The pollution levels are shocking, said Chris Bason, executive director of the Center for the Inland Bays. “It’s unfortunate because the Indian River and some nearby creeks and streams are going to be receiving all that pollution and they are already in bad shape, they are highly polluted rivers.”

Mountaire’s impact on the water isn’t a new development, according to DNREC. “Groundwater monitoring wells have consistently exceeded the drinking water standard … and have shown no improvement since Mountaire acquired ownership of the facility in 2000,” the violation order said.

Bason said it appeared the pollution was brought under control at some point in the past year, but that’s changed now in light of this violation. “It was shocking the amount of nitrogen that was being applied to those fields, and I guess that was resulting from the operations failure at the facility … and there are many other problems out there as well.”

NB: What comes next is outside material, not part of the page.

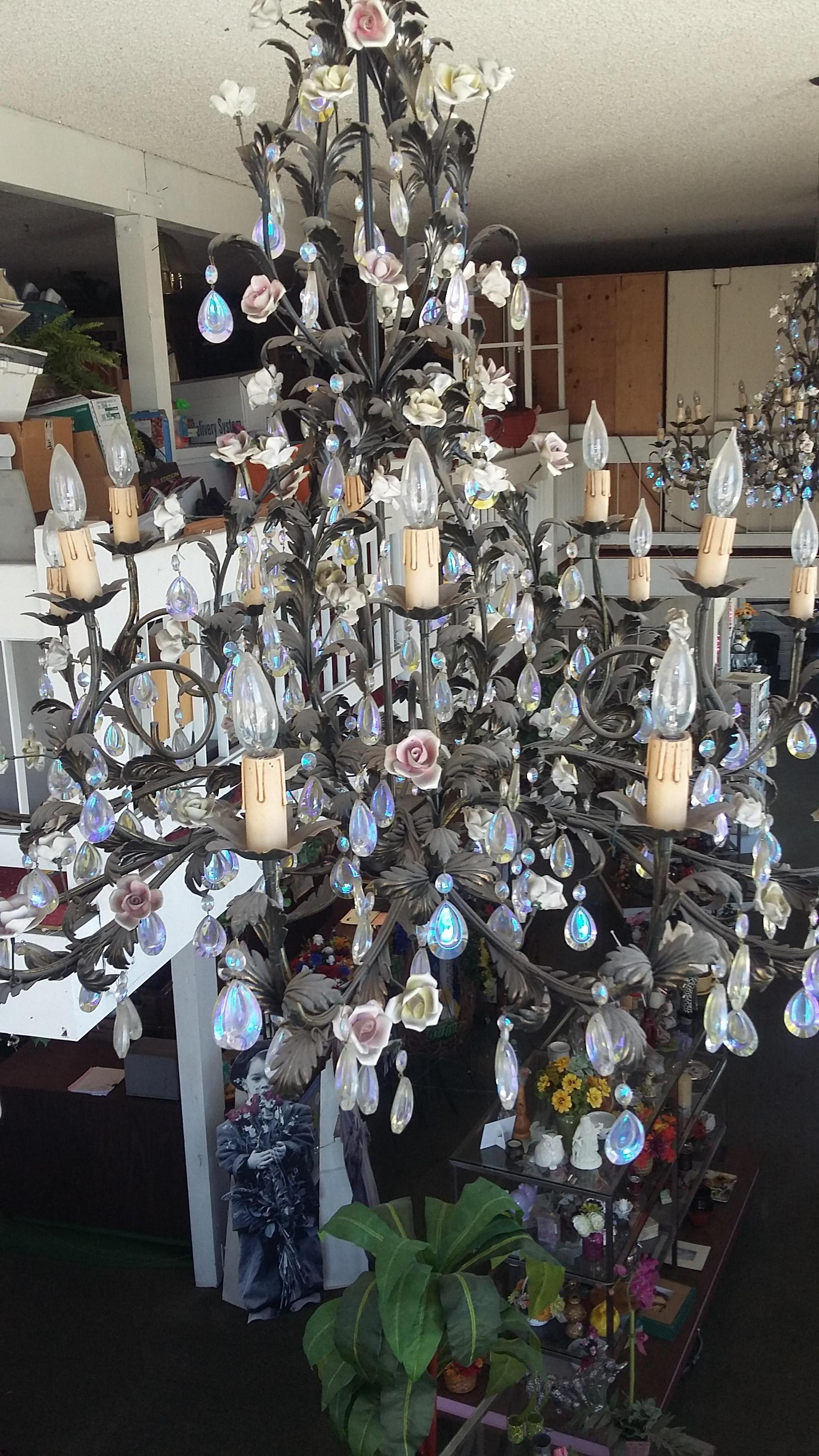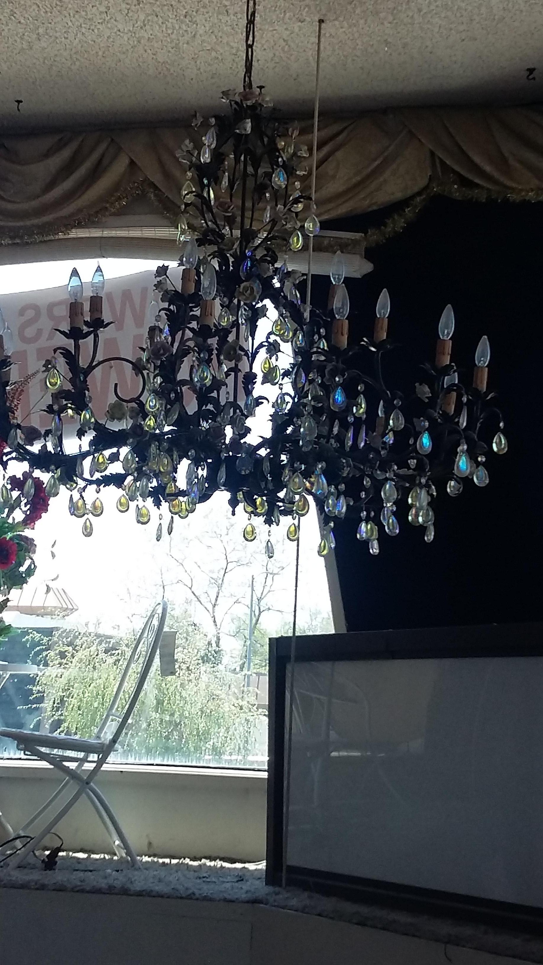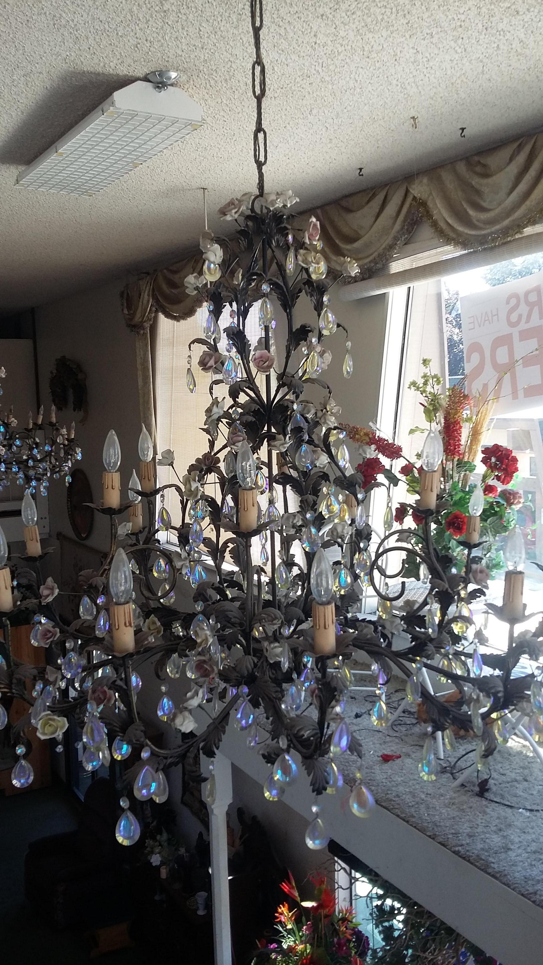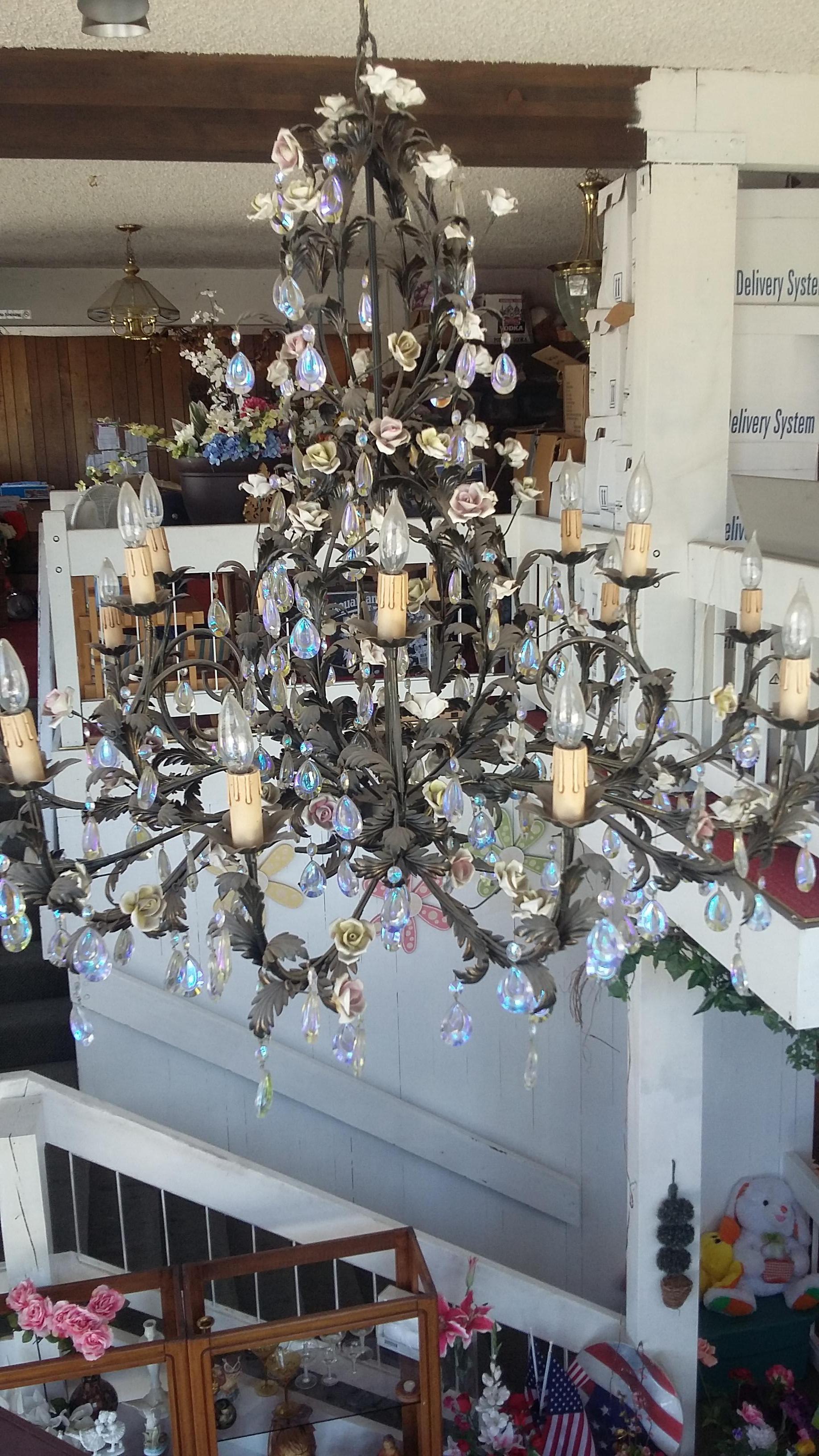 Two beautiful Auroa Bore Alis droplet porcelain roses Chandler with 8 middle row arms and 18 arms in the first row. 18 candle stick lights throughout. Pink and white roses throughout entire pieces along with the generous amount of light reflecting chrystals hanging from each arm. I don't know the year or have any knowledge about there value but need some information because looking to sell both before moving.

In addition to the worries over drinking water quality, Bason is concerned about the impact on other uses of the Indian River and other water further downstream.

“There’s an important recreational blue crab fishery there, there’s a hard clam fishery, oyster aquaculture is just getting started in the inland bays,” Bason said. “There’s like 60,000 registered boats in Delaware, and most of them use the inland bays. So it’s a very important resource that’s getting polluted here.”

The DNREC violation notice requires Mountaire to submit a corrective action work plan to detail how the company will reduce the pollution and impacts to the water.